## What the task asks
Please write out every record exactly, but keep any images out of it.

● ● ●

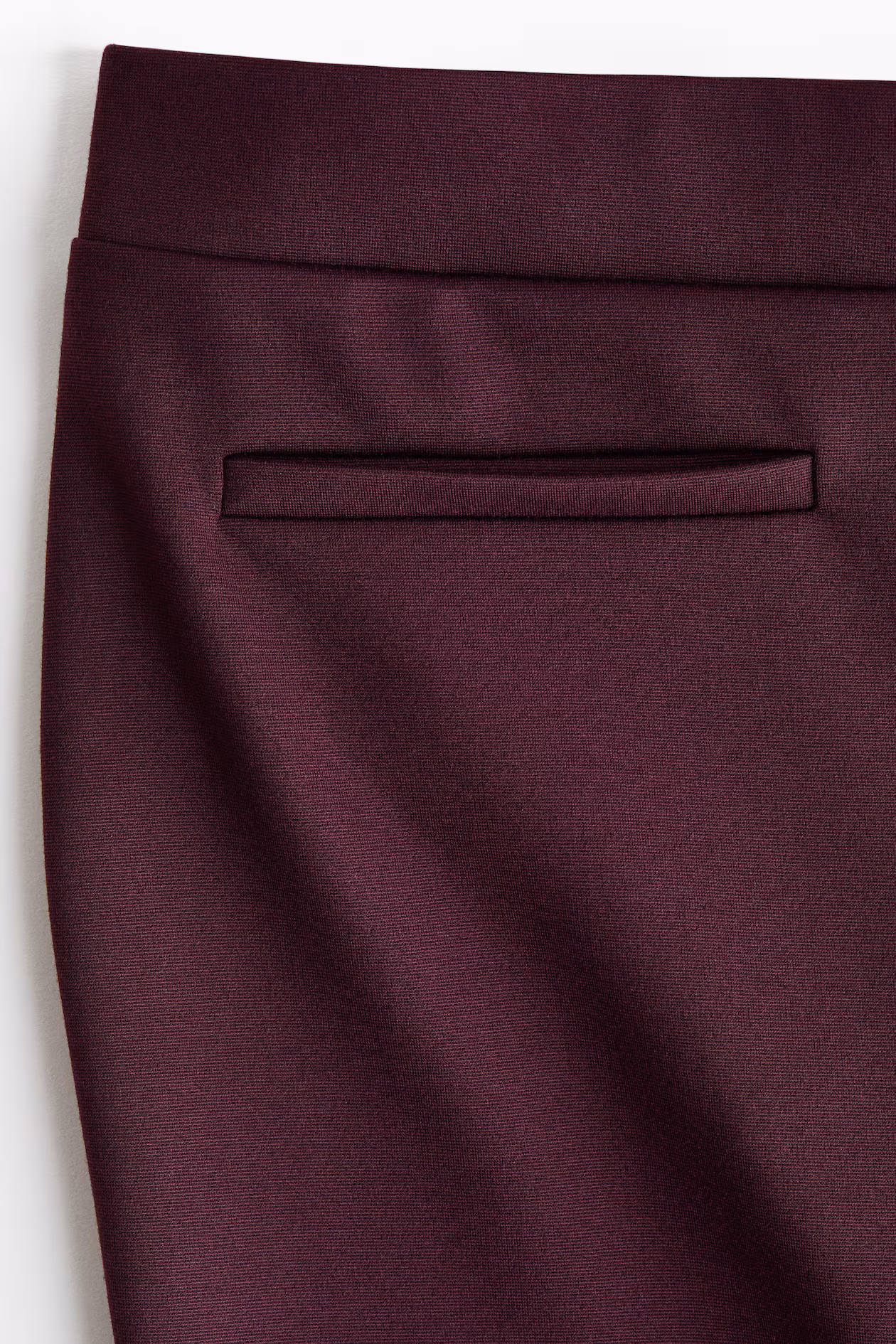 Fitted pants in ponte jersey. High waist, mock welt front pockets, and flared legs.
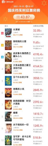 【TechWeb】10月8日消息,7天,总票房43.87亿元,这是2021年国庆档交出的成绩单。
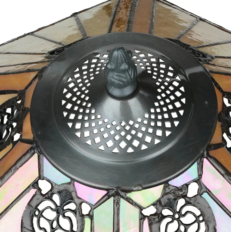 Der Lampenschirm besteht aus 120 filigranen Glasstücken, die zusammen ein klassisches Art Nouveau Muster ergeben
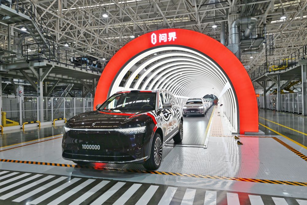 全國(guó)兩會(huì)前夕,重慶兩江新區(qū)賽力斯超級(jí)工廠內(nèi),第100萬(wàn)輛整車駛下產(chǎn)線。
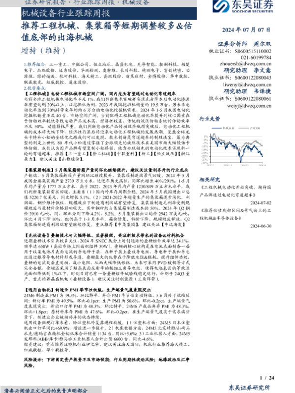 【东吴证券】【20240707】20240707-东吴证券-机械设备行业跟踪周报:推荐工程机械、集装箱等短期调整较多&估值底部的出海机械-24页 行业研究
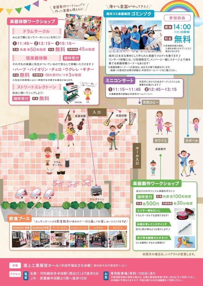 【愛知県半田市】5/18(日)楽器体験・楽器製作ワークショップが楽しめる屋外音楽イベント!『音楽マルシェ』を開催します!
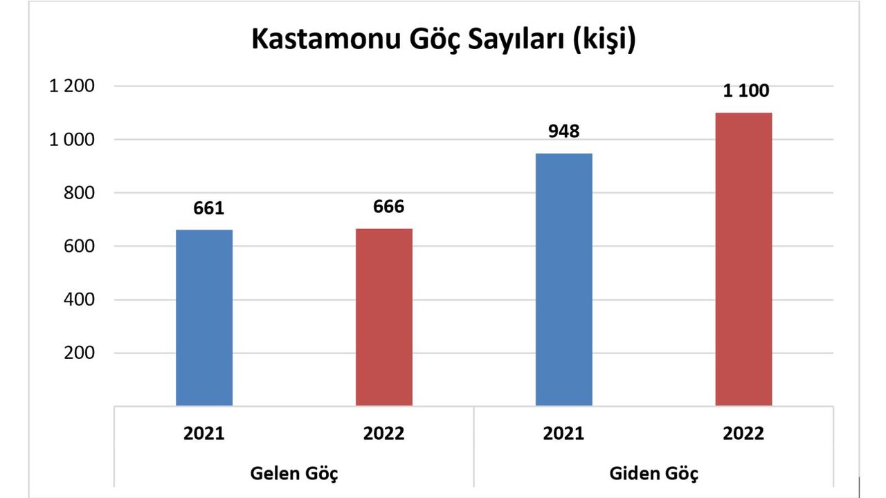 TÜİK, Uluslararası Göç İstatistikleri’ni yayınladı. Buna göre Kastamonu'ya göç edenlerin sayısı 2021 yılında 661 kişi iken, 2022 yılında 666 kişi oldu. Kastamonu'dan göç eden kişi sayısı ise 2021 yılında 948 kişi iken 2022 yılında bin 100 kişi oldu. Kastamonu 2022 yılında yurtdışından aldığı 666 kişilik göç ile 81 il arasında 61. sırada yer alırken yurtdışına en fazla göç veren 56. il konumunda bulunuyor.

● ● ●

## Reply to the task
 Fitted pants in ponte jersey. High waist, mock welt front pockets, and flared legs.
 【TechWeb】10月8日消息,7天,总票房43.87亿元,这是2021年国庆档交出的成绩单。
 Der Lampenschirm besteht aus 120 filigranen Glasstücken, die zusammen ein klassisches Art Nouveau Muster ergeben
 全國(guó)兩會(huì)前夕,重慶兩江新區(qū)賽力斯超級(jí)工廠內(nèi),第100萬(wàn)輛整車駛下產(chǎn)線。
 【东吴证券】【20240707】20240707-东吴证券-机械设备行业跟踪周报:推荐工程机械、集装箱等短期调整较多&估值底部的出海机械-24页 行业研究
 【愛知県半田市】5/18(日)楽器体験・楽器製作ワークショップが楽しめる屋外音楽イベント!『音楽マルシェ』を開催します!
 TÜİK, Uluslararası Göç İstatistikleri’ni yayınladı. Buna göre Kastamonu'ya göç edenlerin sayısı 2021 yılında 661 kişi iken, 2022 yılında 666 kişi oldu. Kastamonu'dan göç eden kişi sayısı ise 2021 yılında 948 kişi iken 2022 yılında bin 100 kişi oldu. Kastamonu 2022 yılında yurtdışından aldığı 666 kişilik göç ile 81 il arasında 61. sırada yer alırken yurtdışına en fazla göç veren 56. il konumunda bulunuyor.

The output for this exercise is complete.